**EXTRACTED MATERIAL**

******

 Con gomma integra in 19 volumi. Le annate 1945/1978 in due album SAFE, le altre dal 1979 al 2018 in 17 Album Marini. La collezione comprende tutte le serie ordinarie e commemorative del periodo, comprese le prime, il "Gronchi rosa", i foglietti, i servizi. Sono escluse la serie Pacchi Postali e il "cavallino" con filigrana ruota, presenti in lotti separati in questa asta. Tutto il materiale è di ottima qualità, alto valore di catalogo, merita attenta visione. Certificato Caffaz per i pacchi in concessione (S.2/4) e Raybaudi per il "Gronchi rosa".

******

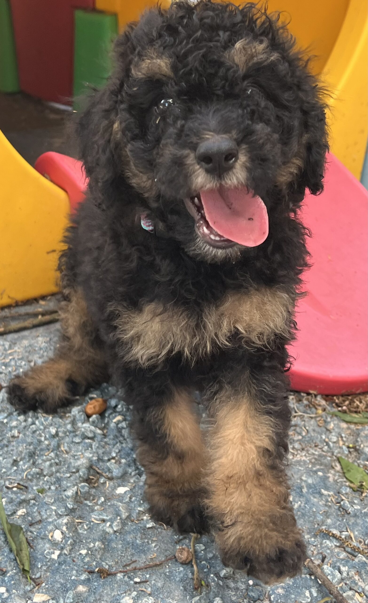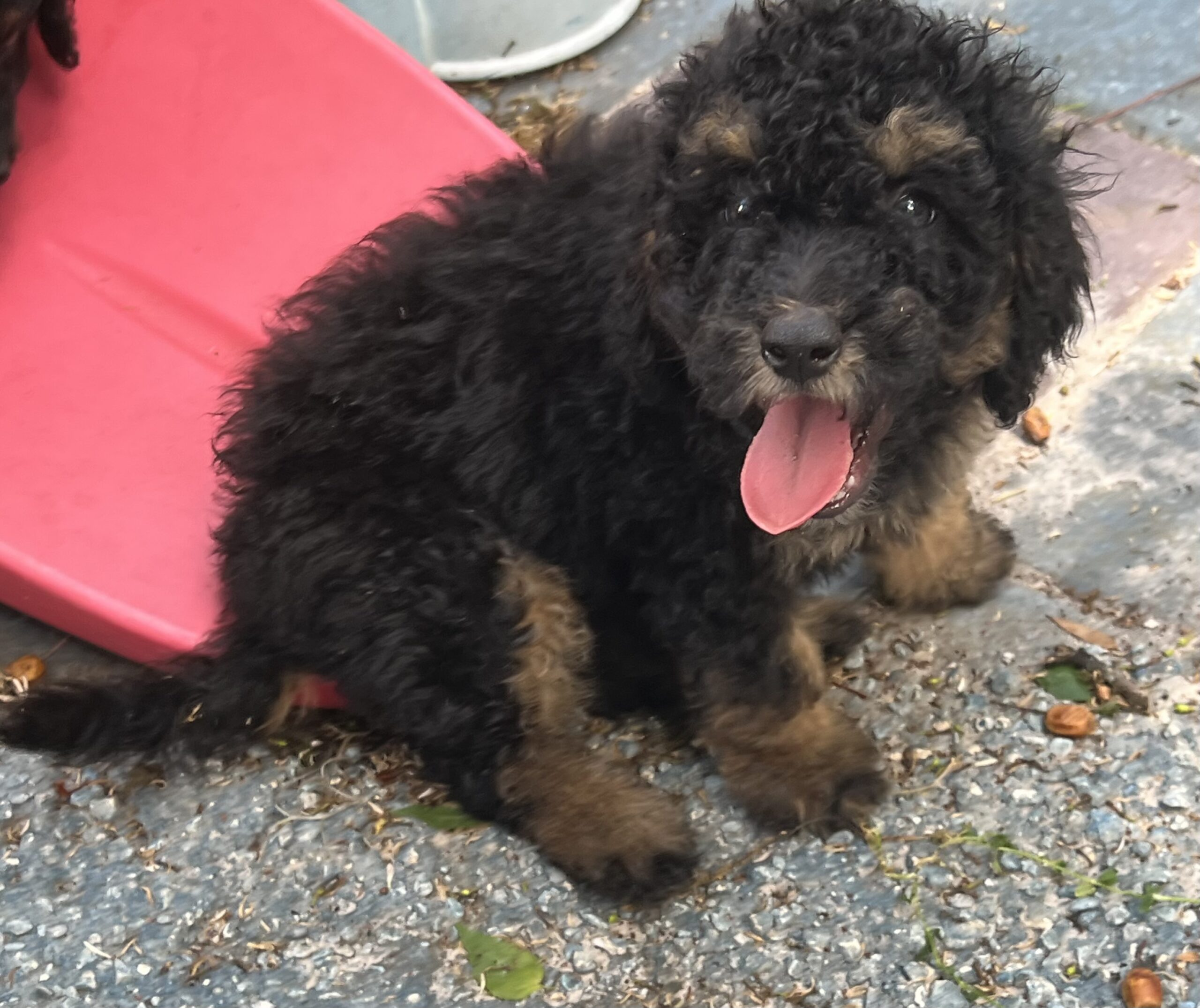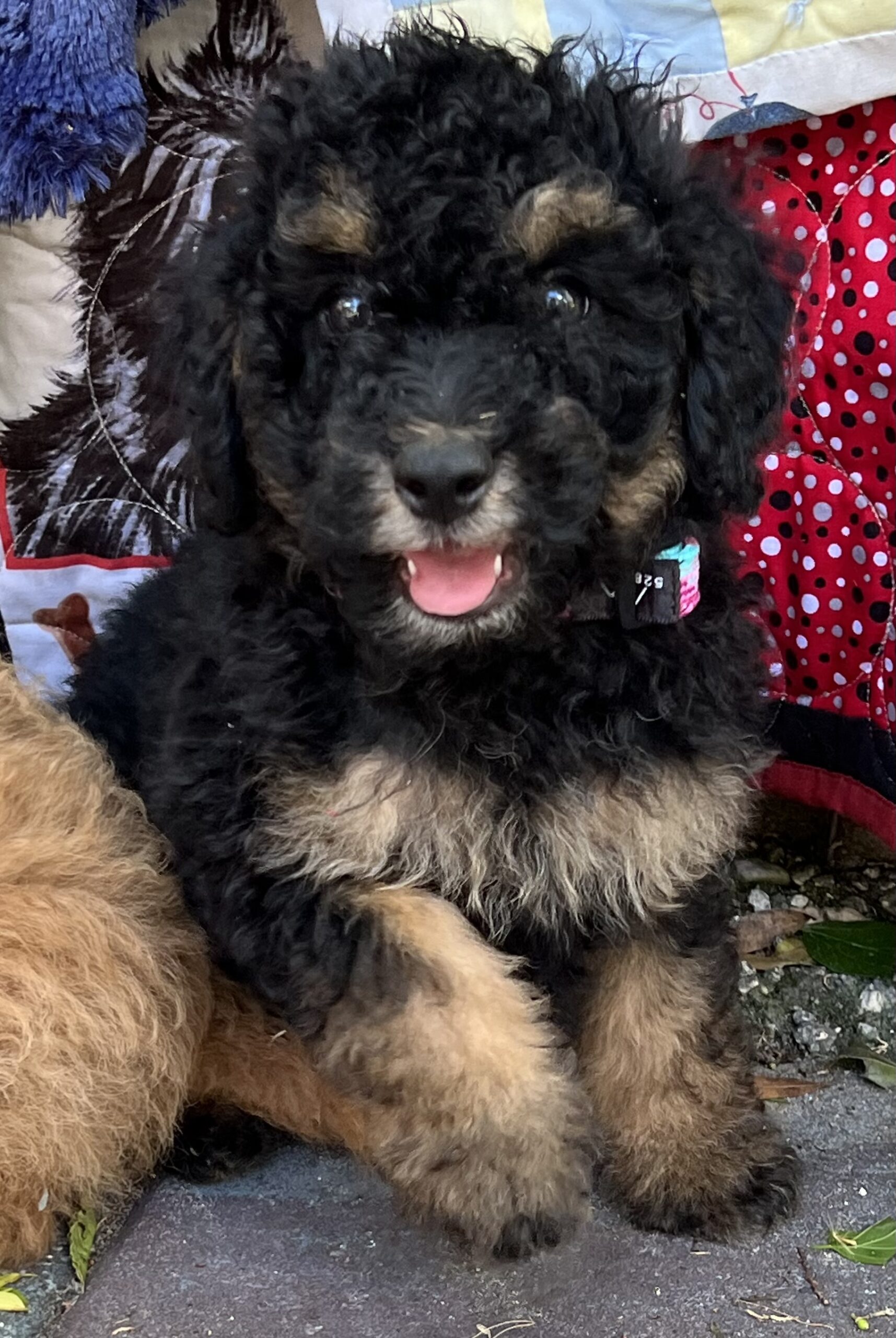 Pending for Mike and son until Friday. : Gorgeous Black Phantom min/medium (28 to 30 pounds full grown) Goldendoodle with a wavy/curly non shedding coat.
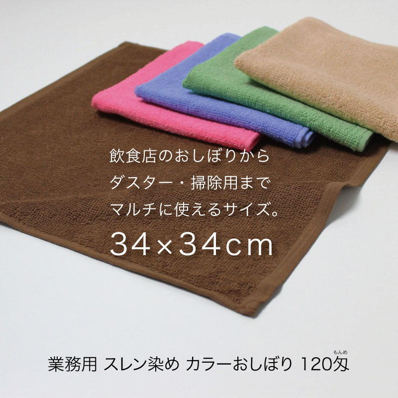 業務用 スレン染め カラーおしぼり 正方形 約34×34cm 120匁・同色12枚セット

******

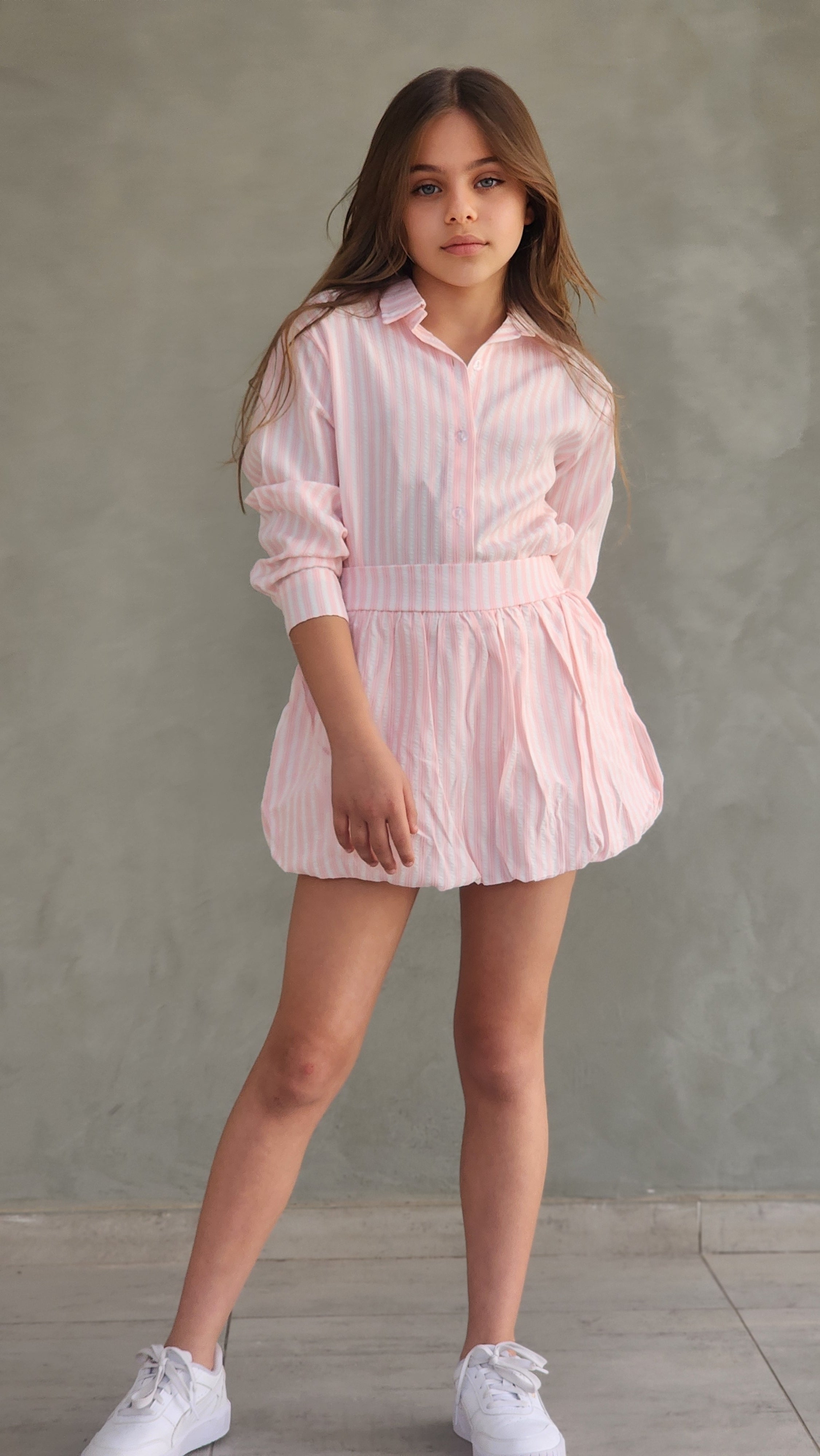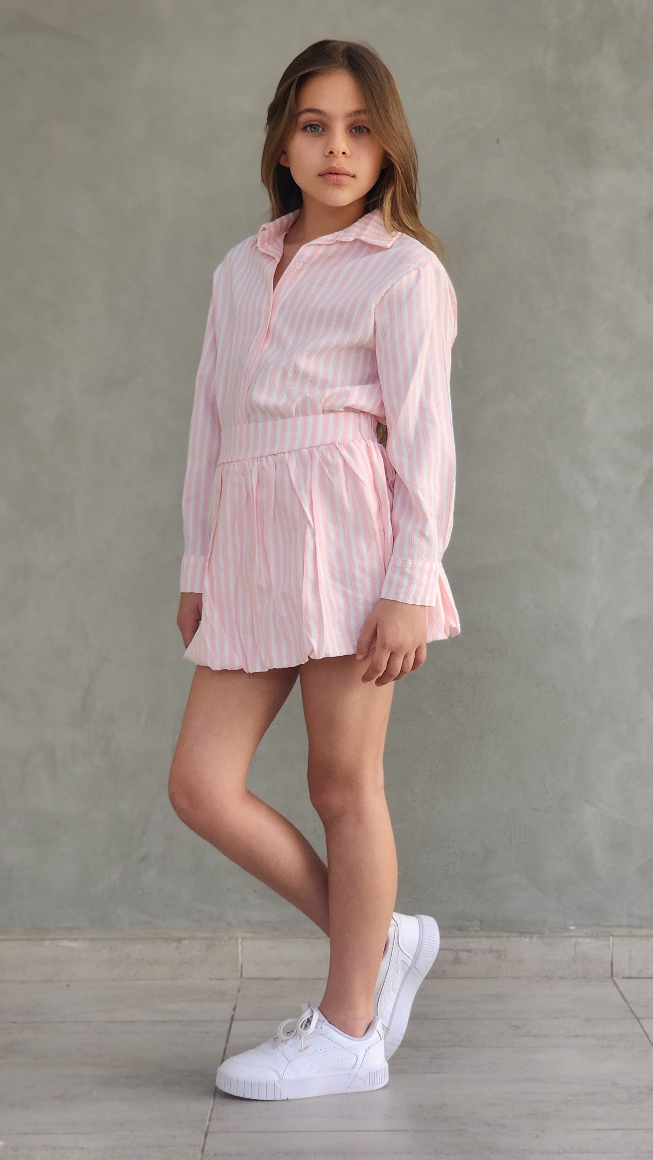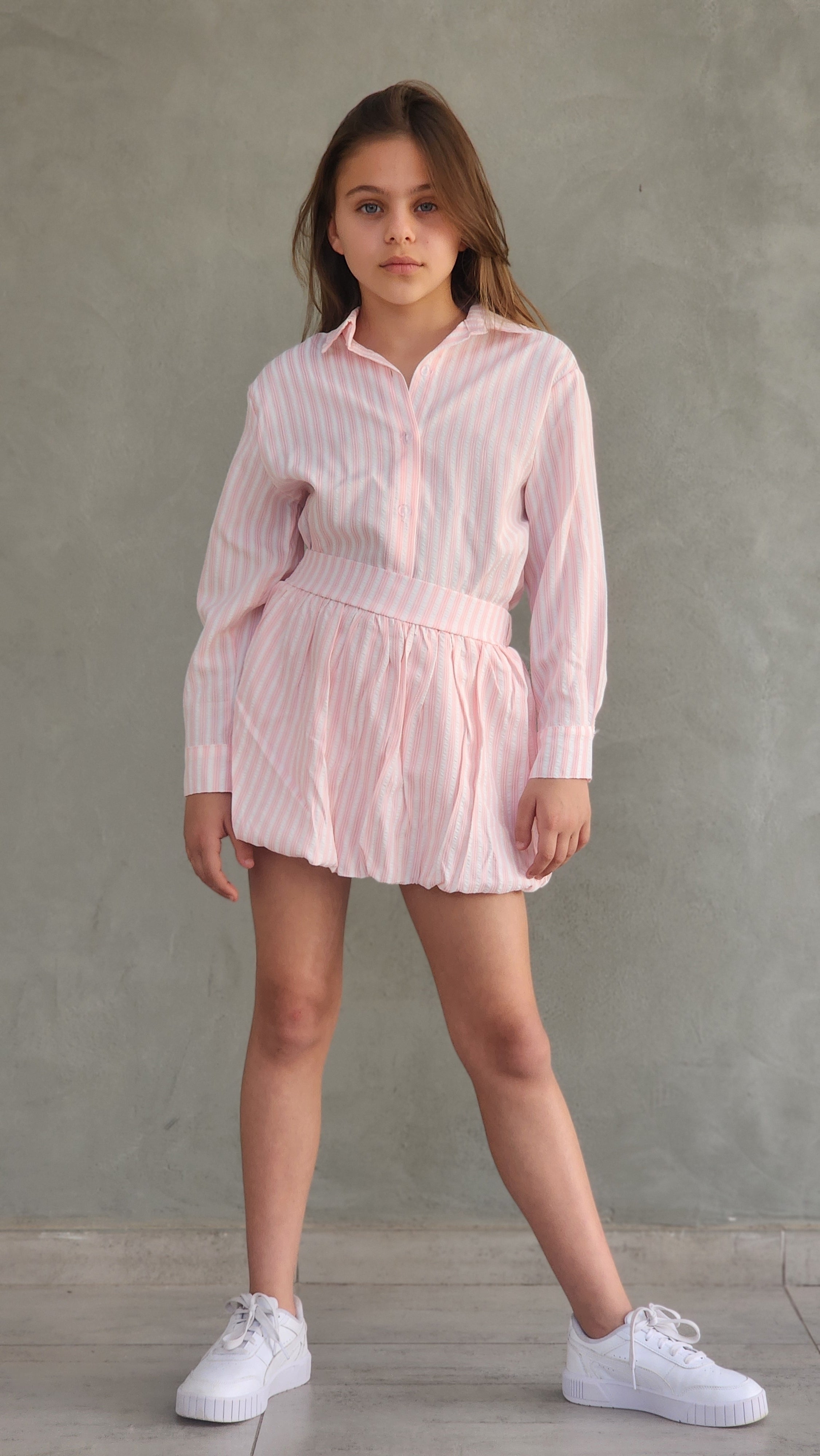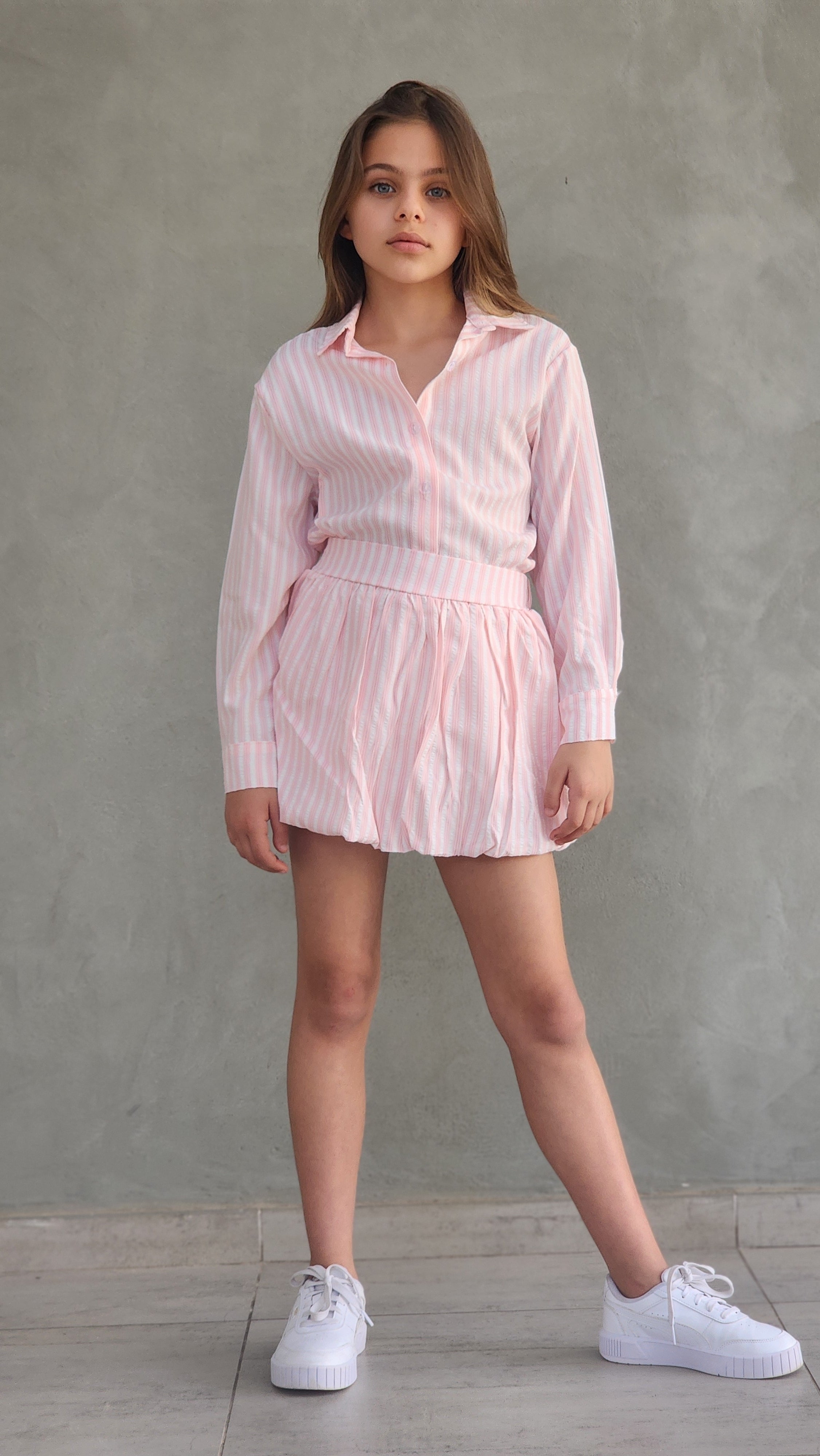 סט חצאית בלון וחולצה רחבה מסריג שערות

******

**WORK INSTRUCTION**
Output exactly those lines of the data above that run from the line with "Pending for Mike" up to and including the line with "業務用 スレン染め カラーおしぼり 正方形 約34×34cm 120匁・同色12枚セット". No pictures go in.

**ANSWER AREA**
 Pending for Mike and son until Friday. : Gorgeous Black Phantom min/medium (28 to 30 pounds full grown) Goldendoodle with a wavy/curly non shedding coat.
 業務用 スレン染め カラーおしぼり 正方形 約34×34cm 120匁・同色12枚セット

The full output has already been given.